◆ TASK DESCRIPTION: Without any pictures, retype exactly the lines that begin at the one holding "ヘルプ 払戻口座について 払戻口座の登録" and end at the last line of the data below.

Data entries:
+---+

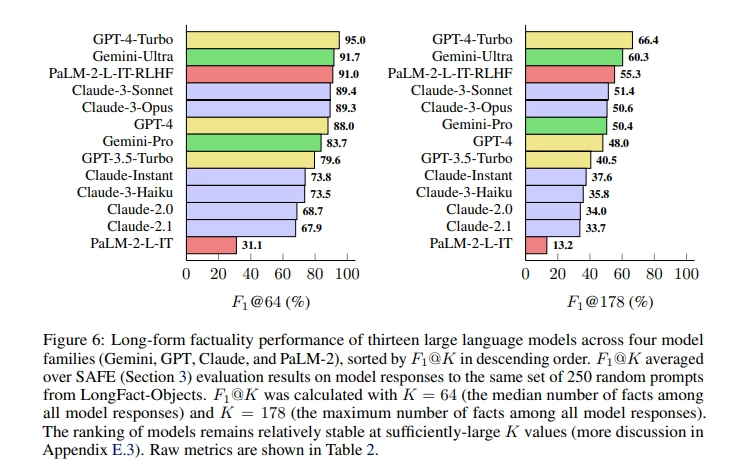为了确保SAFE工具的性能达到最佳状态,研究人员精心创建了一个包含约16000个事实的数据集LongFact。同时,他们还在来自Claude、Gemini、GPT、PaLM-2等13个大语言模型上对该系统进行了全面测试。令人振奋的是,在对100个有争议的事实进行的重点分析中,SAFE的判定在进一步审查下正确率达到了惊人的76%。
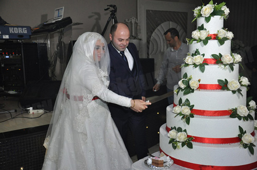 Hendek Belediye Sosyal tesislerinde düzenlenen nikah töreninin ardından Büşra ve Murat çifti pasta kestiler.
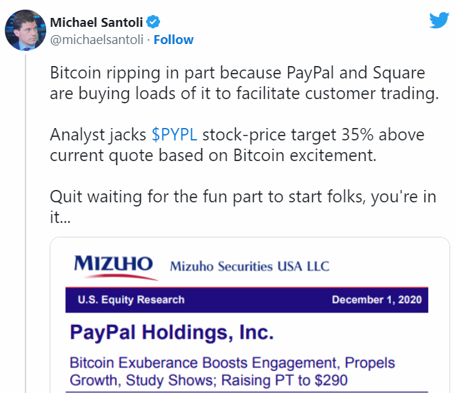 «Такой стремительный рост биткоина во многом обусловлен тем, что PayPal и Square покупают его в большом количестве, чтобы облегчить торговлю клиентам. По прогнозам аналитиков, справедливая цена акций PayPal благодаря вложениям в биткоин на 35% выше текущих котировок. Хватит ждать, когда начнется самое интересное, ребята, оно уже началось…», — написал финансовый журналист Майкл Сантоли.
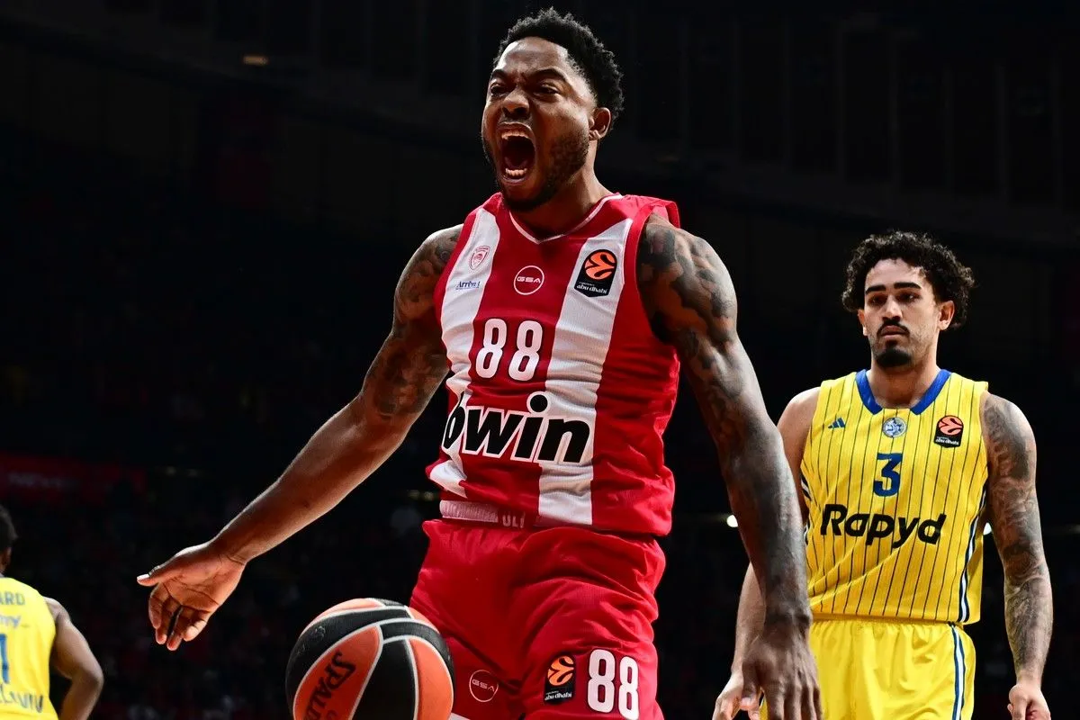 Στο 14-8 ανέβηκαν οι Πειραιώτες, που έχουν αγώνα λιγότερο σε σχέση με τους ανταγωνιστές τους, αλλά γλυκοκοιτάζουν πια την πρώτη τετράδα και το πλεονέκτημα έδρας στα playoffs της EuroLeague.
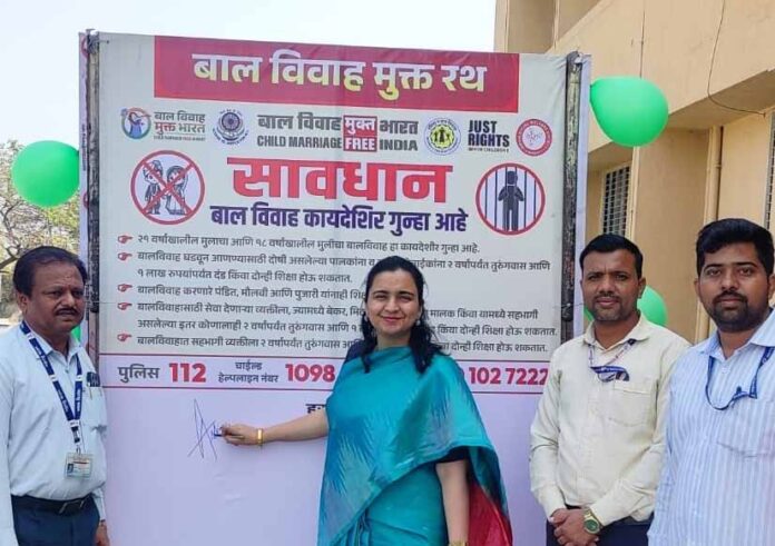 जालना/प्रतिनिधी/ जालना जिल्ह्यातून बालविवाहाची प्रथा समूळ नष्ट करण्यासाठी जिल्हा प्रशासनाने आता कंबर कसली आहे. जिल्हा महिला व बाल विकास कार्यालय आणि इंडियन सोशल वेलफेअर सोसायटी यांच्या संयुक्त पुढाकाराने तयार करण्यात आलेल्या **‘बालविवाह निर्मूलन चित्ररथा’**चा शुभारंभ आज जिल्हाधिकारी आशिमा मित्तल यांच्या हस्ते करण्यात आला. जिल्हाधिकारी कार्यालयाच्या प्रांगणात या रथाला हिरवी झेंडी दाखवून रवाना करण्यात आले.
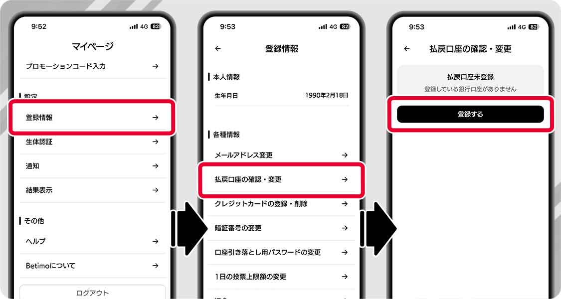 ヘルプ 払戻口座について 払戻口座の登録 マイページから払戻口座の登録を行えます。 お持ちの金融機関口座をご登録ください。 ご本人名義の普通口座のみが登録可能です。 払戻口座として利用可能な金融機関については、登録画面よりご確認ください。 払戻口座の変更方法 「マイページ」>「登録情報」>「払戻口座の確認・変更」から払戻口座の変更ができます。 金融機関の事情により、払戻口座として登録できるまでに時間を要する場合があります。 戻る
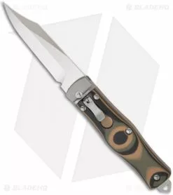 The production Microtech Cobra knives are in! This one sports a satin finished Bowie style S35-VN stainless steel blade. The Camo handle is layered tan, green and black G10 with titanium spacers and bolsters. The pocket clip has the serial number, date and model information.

+---+

◆ TASK OUTPUT:
 ヘルプ 払戻口座について 払戻口座の登録 マイページから払戻口座の登録を行えます。 お持ちの金融機関口座をご登録ください。 ご本人名義の普通口座のみが登録可能です。 払戻口座として利用可能な金融機関については、登録画面よりご確認ください。 払戻口座の変更方法 「マイページ」>「登録情報」>「払戻口座の確認・変更」から払戻口座の変更ができます。 金融機関の事情により、払戻口座として登録できるまでに時間を要する場合があります。 戻る
 The production Microtech Cobra knives are in! This one sports a satin finished Bowie style S35-VN stainless steel blade. The Camo handle is layered tan, green and black G10 with titanium spacers and bolsters. The pocket clip has the serial number, date and model information.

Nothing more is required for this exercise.